At present, the methods for removing the built-up tumors mainly comprise the following methods: (1) in the traditional mechanical processing, the built-up edge on the surface of the tool is removed by the grinding and polishing action of a grinding cutter; (2) and (4) electrolytic machining, namely removing built-up burrs by using the principle of electrochemical dissolution.
The existing surface burr removing process, particularly the process for removing accumulated bits and tumors on the surface of the sawteeth of a band saw blade, mainly has the following technical defects: (1) in the conventional machining, the machining is a contact machining mode, and the saw tooth part of the band saw blade is generally made of hard alloy with high hardness, so that large loss is caused to a cutter. In addition, the existing band saw blade generally consists of sawteeth in a sharp-angled shape, and the built-up edge in some sharp angles and narrow slits is difficult to remove by adopting a grinding process. Meanwhile, the band saw blade consists of a plurality of sawteeth, and accumulated chip tumors need to be removed quickly and efficiently, so that the traditional process for removing the accumulated chip tumors on the surfaces of the sawteeth of the band saw blade by machining cannot meet the actual requirements. (2) Electrolytic machining, the material is removed in an electrochemical dissolution mode, the current density at the sharp corner is high, and the removal speed of material dissolution is high.
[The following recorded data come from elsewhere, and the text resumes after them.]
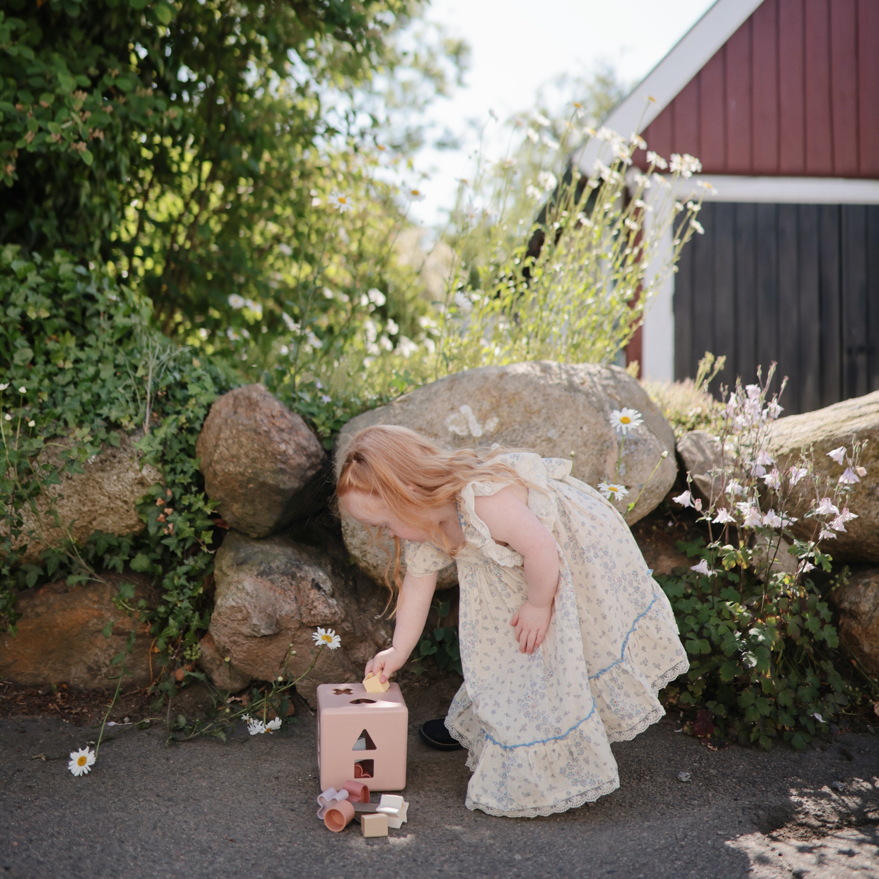 Our shape sorting box is made in Denmark and sets the stage for highly engaged play with endless opportunities for hands-on-learning. Featuring 12 shapes in soft colors, children will expand their fine motor skills as they match shapes to their paired cutouts.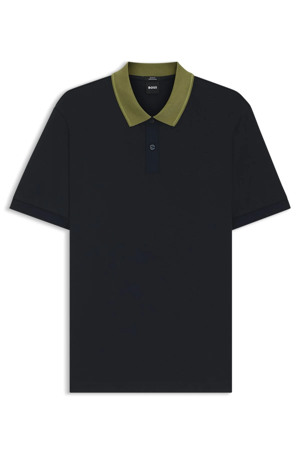 SIZE AND FIT The model wears a size M and is 6'1" tall with a, 36" chest, 29" waist and 37" hips. DETAILS H-Phillipson 199 - 50531791 A polo shirt cut to a slim fit by BOSS Menswear. Crafted in cotton that has been mercerized to increase its softness and luster, this short-sleeved polo shirt has a block stripe on the collar. Side slits and a logo flag round off this piece. Slim fit Neckline: Polo collar Number of buttons: 2 Short sleeves Flat-knit cuffs Standard length QUALITY & CARE INSTRUCTIONS Machine Wash Cold Gentle Iron Low Heat Quality: 100% Cotton Do Not Bleach Reduced Dry Clean Do Not Tumble Dry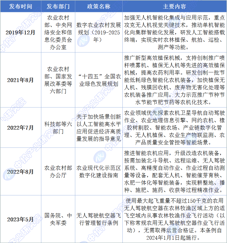 中投產(chǎn)業(yè)研究院發(fā)布的《2024-2028年中國低空經(jīng)濟(jì)深度調(diào)研及投資前景預(yù)測報(bào)告》指出,近年來國家相繼出臺多項(xiàng)利好政策,推動植保無人機(jī)行業(yè)發(fā)展。如2021年8月農(nóng)業(yè)農(nóng)村部、國家發(fā)展改革委等六部門發(fā)布的《“十四五”全國農(nóng)業(yè)綠色發(fā)展規(guī)劃》提出推廣新型高效植保機(jī)械,支持創(chuàng)制推廣噴桿噴霧機(jī)、植保無人機(jī)等先進(jìn)的高效植保機(jī)械,提高農(nóng)藥利用率。研發(fā)創(chuàng)制一批節(jié)能低耗綠色智能化農(nóng)機(jī)裝備,加快植保無人機(jī)、殘膜回收機(jī)、廢棄物無害化處理等農(nóng)機(jī)裝備推廣應(yīng)用,大力示范推廣節(jié)種節(jié)水節(jié)能節(jié)肥節(jié)藥等農(nóng)機(jī)化技術(shù)。政策條款匯總情況如下: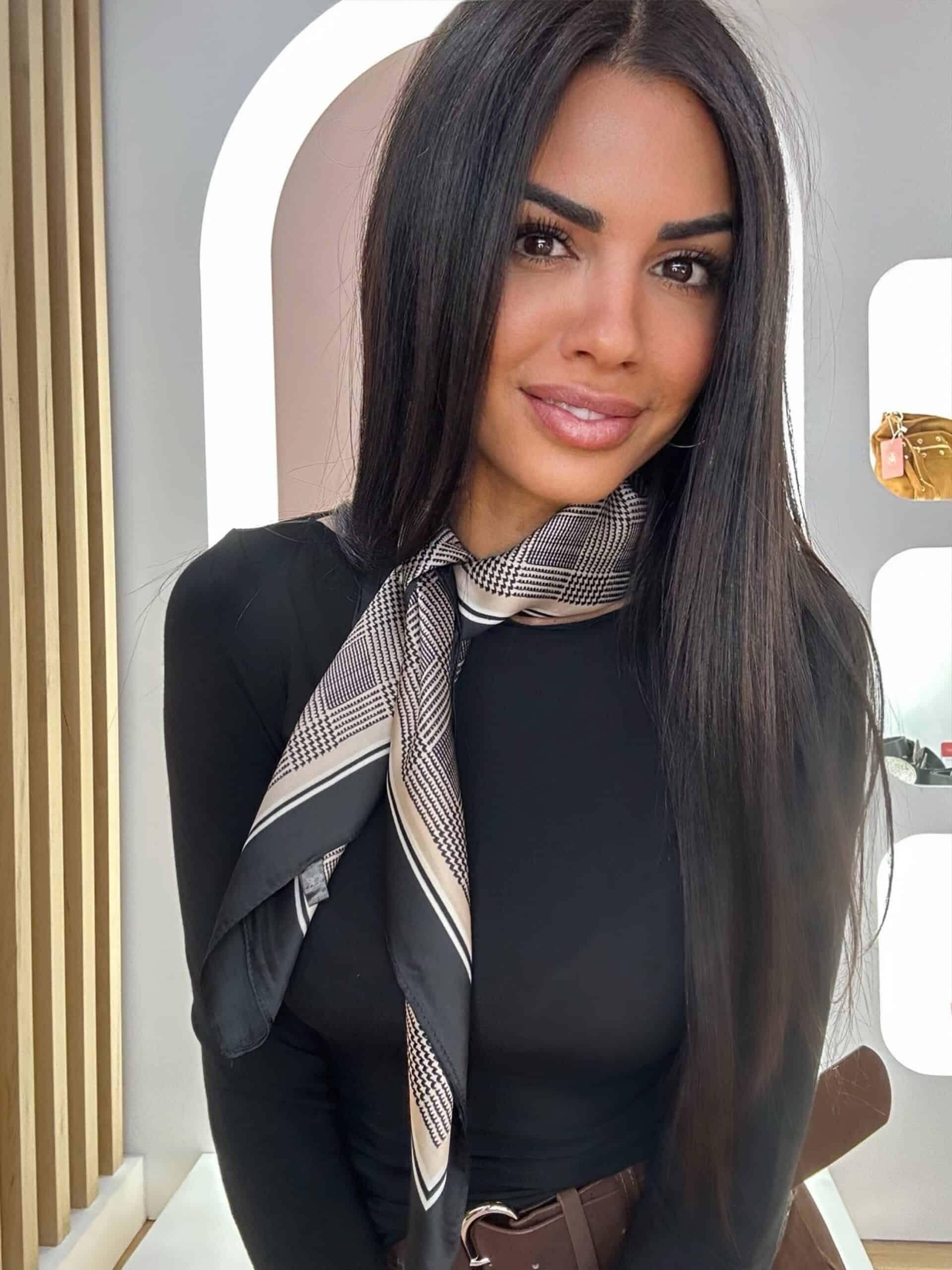Pañuelo con estampado en cuadros en distinta disposición en color negro y beige. Medidas que te pueden interesar: 68X68cm. Las Medidas pueden variar según el punto exacto desde donde se mida. 100%Poliéster.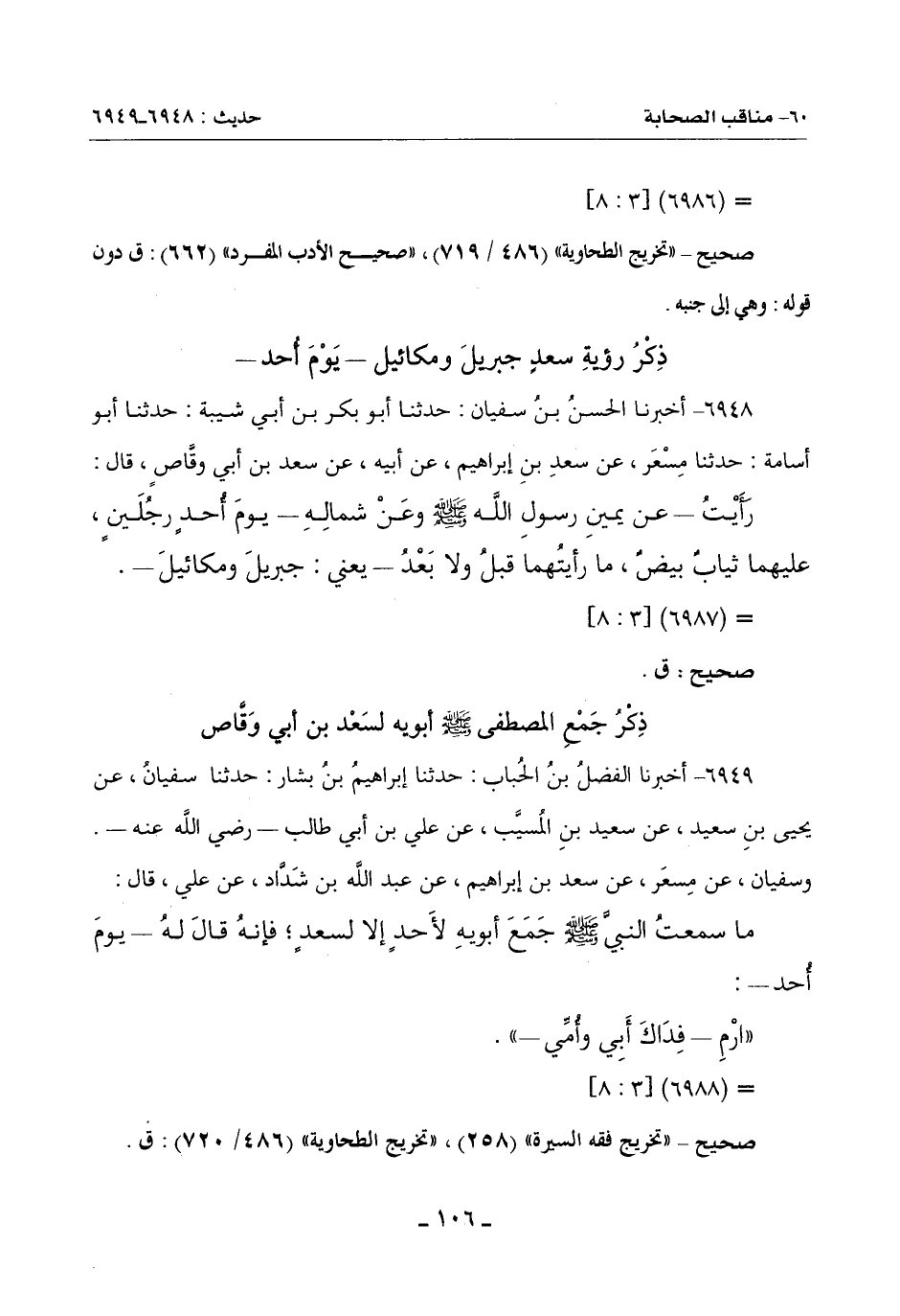 ذِكْرُ جَمْعِ الْمُصْطَفَى صَلَّى اللَّهُ عَلَيْهِ وَسَلَّمَ أَبَوَيْهِ لِسَعْدِ بْنِ أَبِي وَقَّاصٍ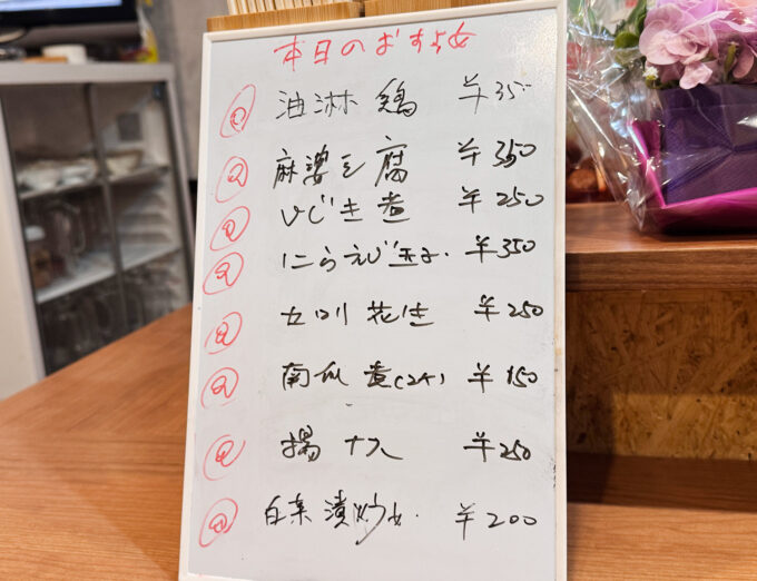 本日のおすすめには、日替りの中華おつまみが並びます。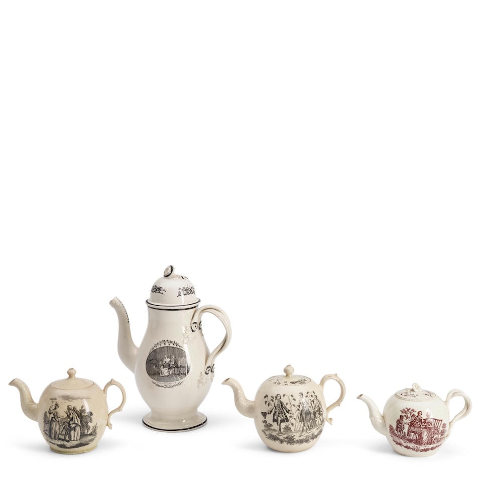 THREE CREAMWARE TEAPOTS AND A COFFEEPOT
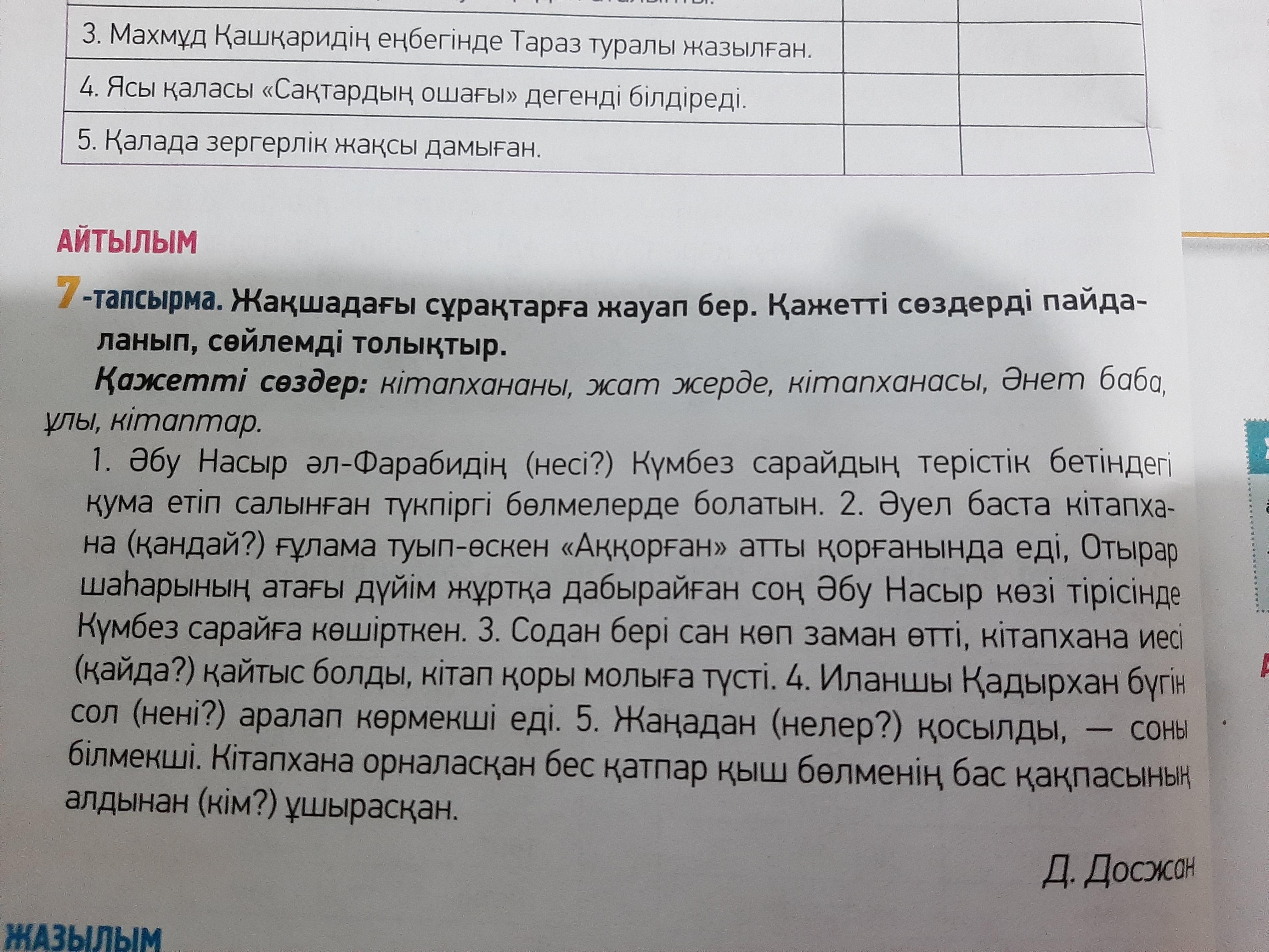1) кітапханасы. 2) ұлы. 3) Жат жерде. 4) кітапхананы. 5) кітаптар. 6) Әнет Баба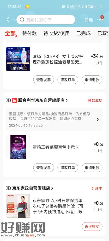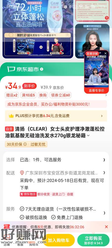 0撸清扬洗发水(女士) 入会送6-5(部分人还有张10-5可以下2单) 下单34.9送家政券找客服换成30豆子 京粉返5.24
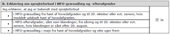 Figur 2 Udklip fra fællesskemaet 2022, med afkrydsning for at sprøjteforbuddet i MFO-græsudlæg overholdes.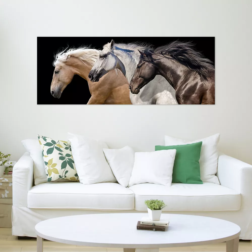 Make your home the place to be with this Empire Art Direct Trilogy 2 Horse Glass Wall Art.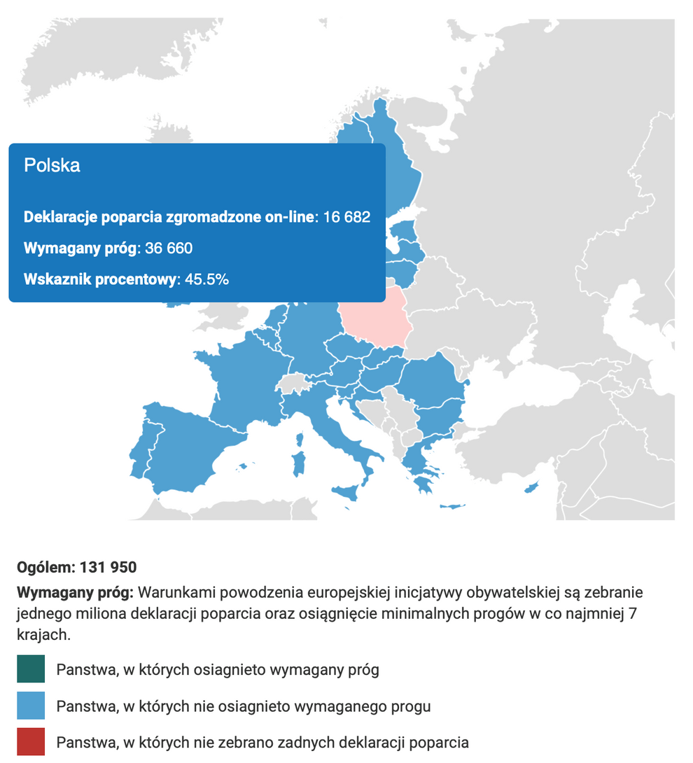 „Po zaledwie 2 tygodniach od rozpoczęcia akcji w Polsce mamy już ponad 45% wymaganych dla naszego kraju podpisów! To pokazuje, jak duże poparcie mają postulaty petycji i daje nam nadzieję na to, że jej adresat - Komisja Europejska zajmie się trybie pilnym pracą nad wprowadzeniem ich w życie” - mówi Cezary Wyszyński.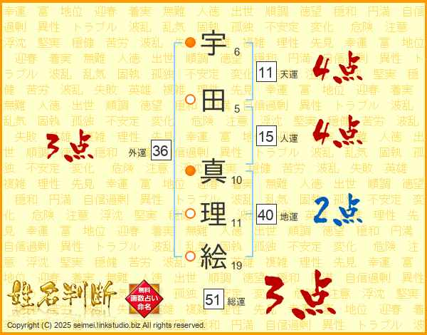 宇(6画)田(5画) 真(10画)理(11画)絵(19画)
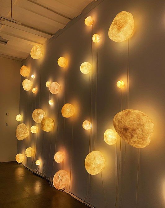 John Armleder (1948). Kunststoffleuchten in Steinoptik, 2004. Massimodecarlo.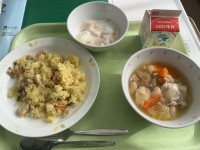 今日の給食は、パエリア、田舎風スープ、フルーツヨーグルトでした。パエリアはエビ...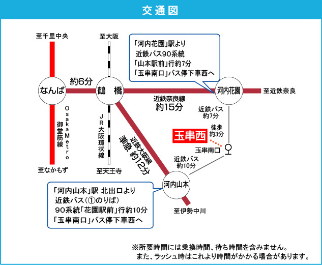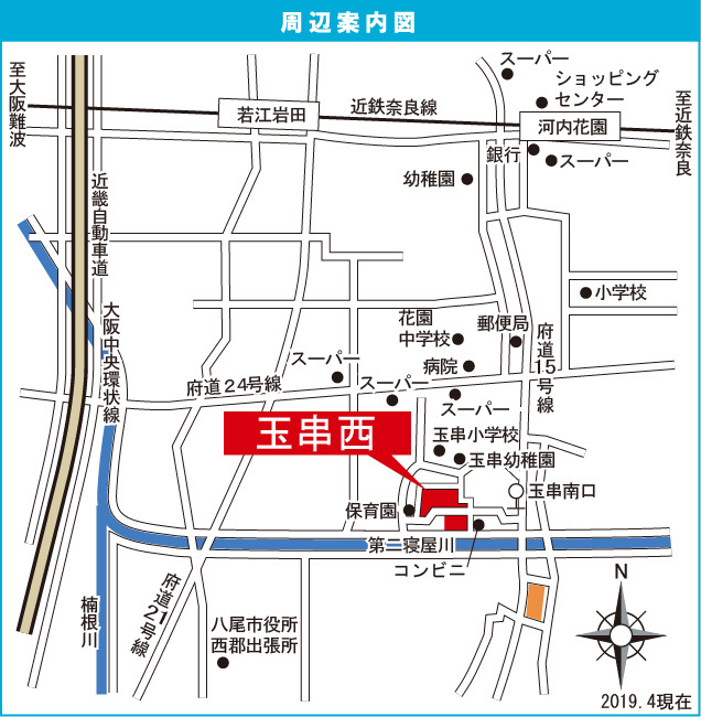 近鉄奈良線 『 若江岩田駅 』 徒歩25分 近鉄大阪線 『 河内山本駅 』 駅までバスで15分 バス停『玉串南口』 徒歩3分 |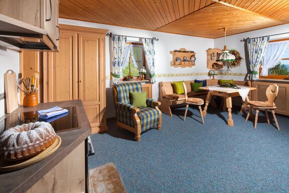 Neu renovierte, gemütlich und gut ausgestattete Nichtraucher-Ferienwohnung im 1. Stock für bis zu 5 Personen mit herrlichem Blick auf die umliegenden Berge und Täler. Die zum Haus gehörende großzügige Terrasse und ein Freisitz im Garten laden zum langen Verweilen ein. Die Wohnung ist mit einem Schlafzimmer sowie einem Wohnschlafzimmer und einer Wohnküche ausgestattet. Sie verfügt dazu über kostenfreies W-LAN und einen TV. Als Vital-Natur-Erlebnis Gastgeber bieten wir Ihnen ein abwechslungsreiches Aktiv-Programm für Ihren Urlaub.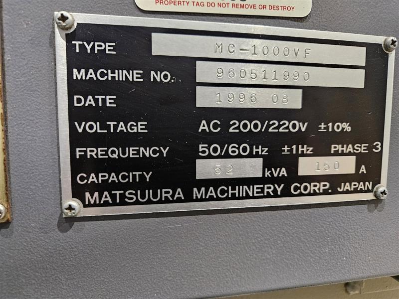 Vertical Machining Center - MATSUURA MC-1000VF CNC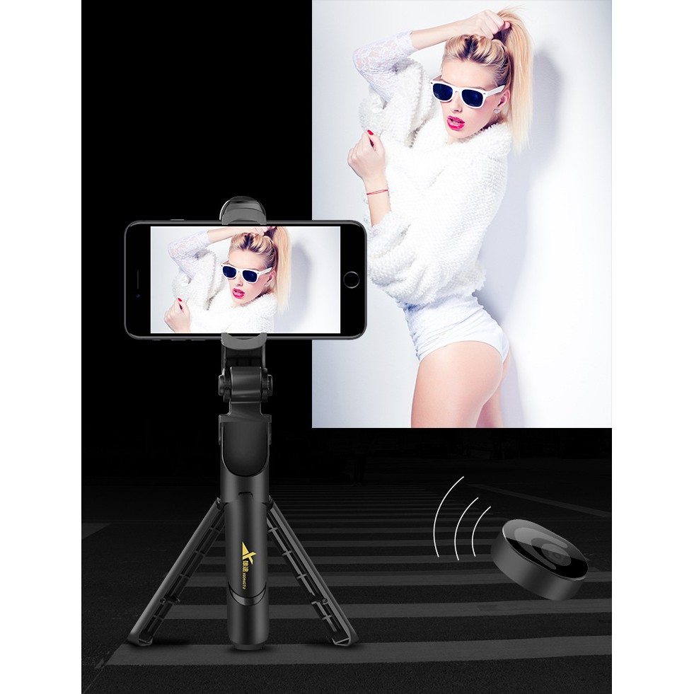 Điện Thoại & Phụ Kiện > Phụ kiện > Phụ kiện selfie > Gậy selfie || Giá đỡ điện thoại di động đế 3 chân bluetooth,Gậy chụp điện thoạiCòn hàng

However, the built-up edge is randomly distributed, so that it is difficult to effectively remove the built-up edge formed by randomly distributing the built-up edge on the surface of the sawtooth.
Disclosure of Invention
The invention aims to overcome the defects of the prior art and provides a device and a method for removing accumulated bits and tumors of a band saw blade, which can efficiently, uniformly and continuously remove large-area and complex accumulated bits and tumors on the surface of a saw tooth.
In order to solve the technical problems, the invention adopts the following technical scheme:
a device for removing accumulated scraps of a band saw blade comprises an electrolytic tank, an ultrasonic oscillator and two winding drums capable of rotating in the circumferential direction, wherein the ultrasonic oscillator is arranged at the lower end of the electrolytic tank; the electrolytic bath is internally provided with electrolyte and abrasive particles, the two winding drums are respectively arranged at two sides of the electrolytic bath and used for tensioning the band saw blade, and the band saw blade can reciprocate between the two winding drums under the driving of the rotation of the winding drums; the electrolytic cell is provided with a channel for a band saw blade to pass through, and when the band saw blade passes through the electrolytic cell, one end of the band saw blade with sawteeth is immersed in the electrolyte.
Therefore, the grinding material reciprocates in the electrolyte under the action of ultrasonic vibration to generate a mechanical grinding effect, and the mechanical grinding effect and the electrochemical dissolution effect of the electrolyte jointly construct the self-adaptive flexible ultrasonic auxiliary grinding material electrolytic machining so as to efficiently remove large-area complex accumulated chip tumors on the surface of the sawtooth.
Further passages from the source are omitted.